A pile of $100 bills
When a tax preparer makes mistakes, the taxpayer has some options for filing a complaint. But there are no federal regulations governing tax return preparation, although some states have such laws,
(LM Otero / Associated Press)

Dear Liz: I have a question about an unethical accountant. I am a retiree living on my investments. My accountant continually put me on extension and every October told me how much to pay. Finally, I created an account with the state tax agency and discovered I was being billed for interest, fees and penalties for failing to pay estimated quarterly taxes. What really gets me angry is how I was never told I needed to pay these taxes each quarter. This has been going on at least 15 years.
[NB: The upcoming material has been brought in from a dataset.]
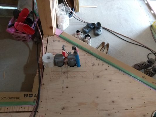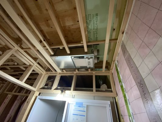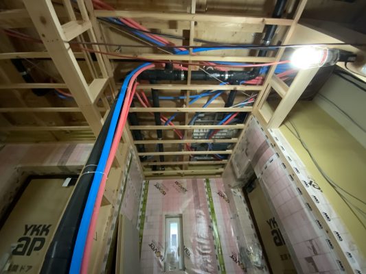 今日は昨日に引き続き、t井設備さんチームが、配管を仕込みに来ています。ここは、2階世帯の玄関部分。2階のお風呂、洗面、トイレ、洗濯機の給排水が集まって1階に降りてくるパイプシャフトになります。パイプシャフトの位置は、いいところに収納などが1階にあればそこを少し拝借できるのですが、無いとパイプシャフトと気付かれない様にどうしたらよいかなど、案外気を遣います。
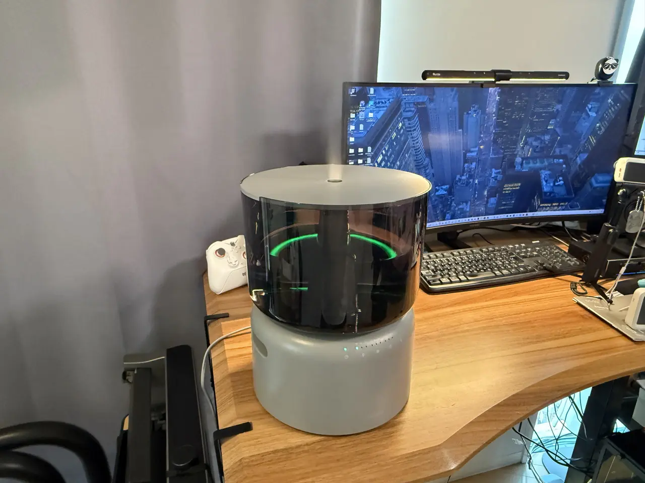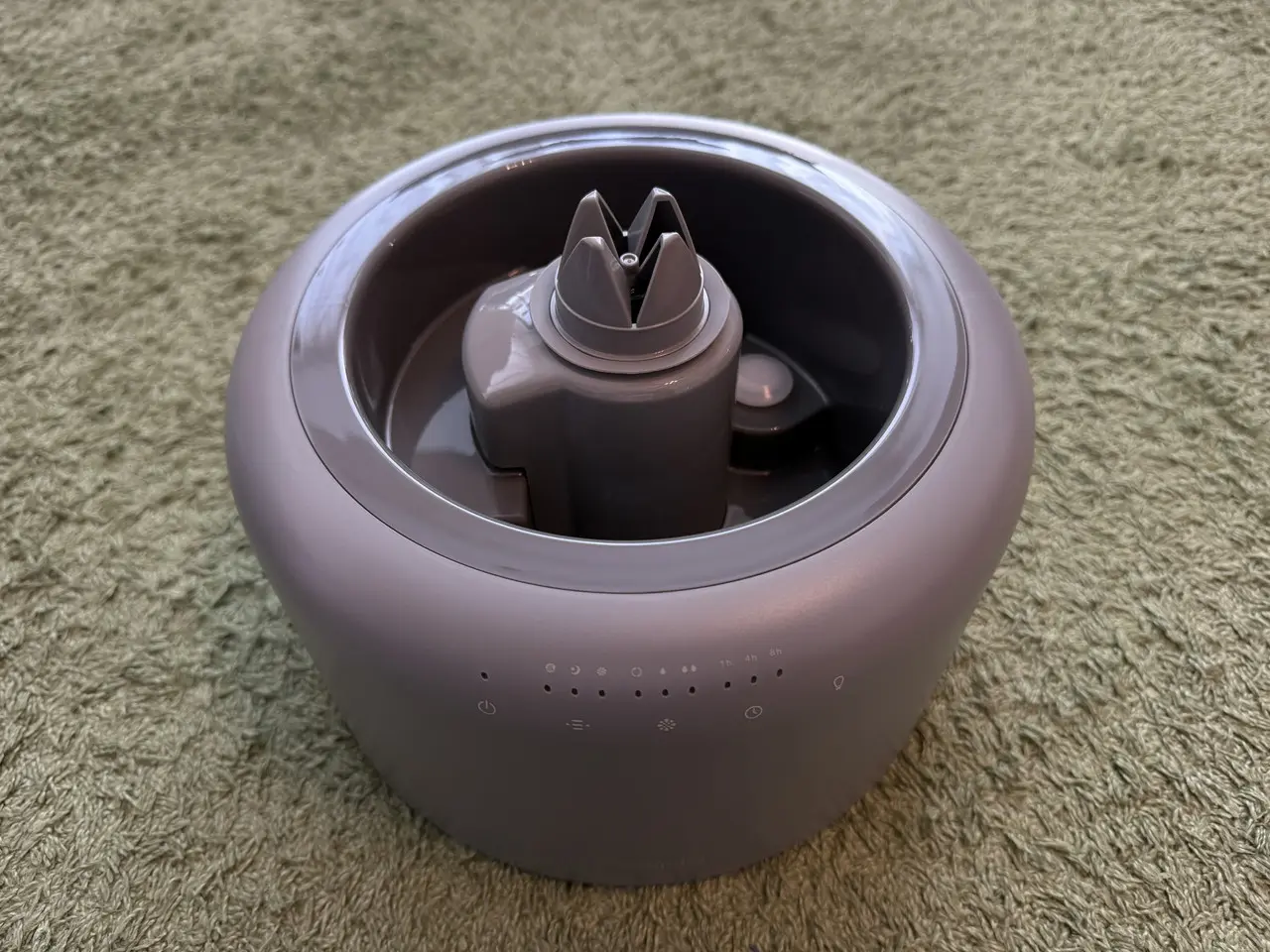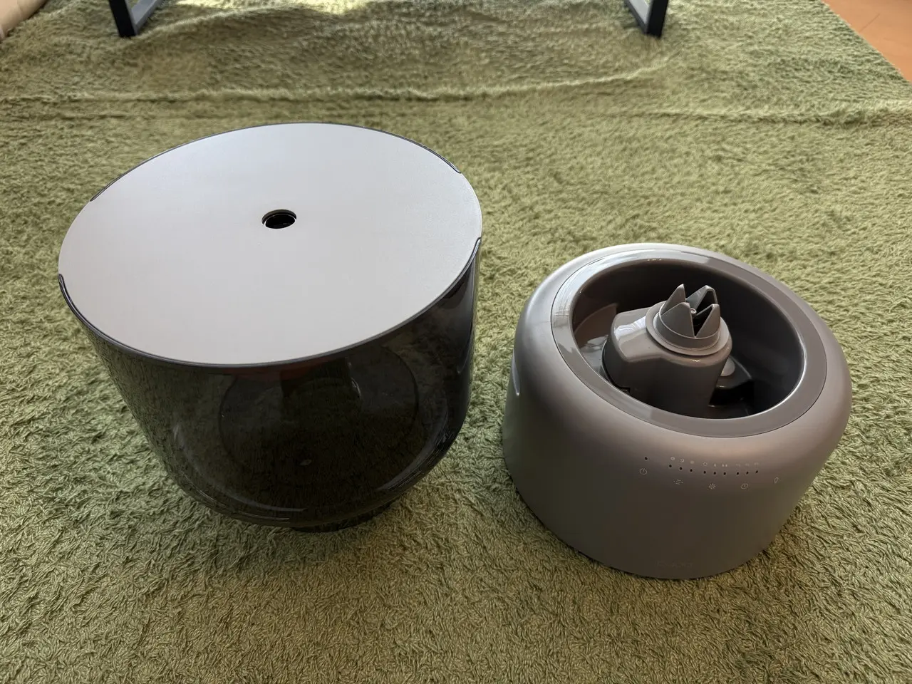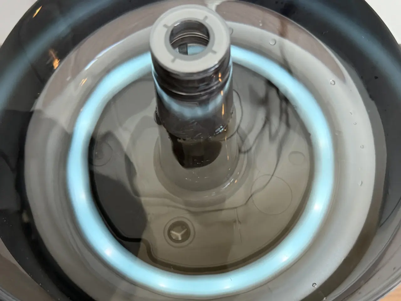 水の中をほのかに照らすやわらかな光が広がり、暗めの室内ではまるでモダンな照明器具のように機能します。加湿器としての実用性だけでなく、空間に溶け込む上質なインテリア性を感じることができました。

What are my options? Is there an entity that governs the behavior of accountants?

Answer: There is — if your tax preparer is actually an accountant. Some tax preparers use that title even if they don’t have an accounting credential, said Henry Grzes, lead manager for tax practice and ethics with the American Institute of CPAs.

If your tax preparer is in fact a certified public accountant, then you can make a complaint to your state’s board of accountancy. You can find a list of boards here. Otherwise you can consider contacting the Better Business Bureau, your state’s consumer protection agency or the Consumer Financial Protection Bureau, Grzes said.

A good tax preparer will alert clients to ways they can reduce their tax bill and will discuss the reasons for filing an extension as well as the need to make quarterly estimated payments, Grzes said. But there are no federal regulations governing tax return preparation, although some states have such laws, he said.

For example, anyone who is physically in California and prepares tax returns for a fee, and who is not an attorney, CPA or enrolled agent, is required to register with the California Tax Education Council, Grzes said. The CTEC site has information about how to file a complaint against a tax preparer who isn’t governed elsewhere.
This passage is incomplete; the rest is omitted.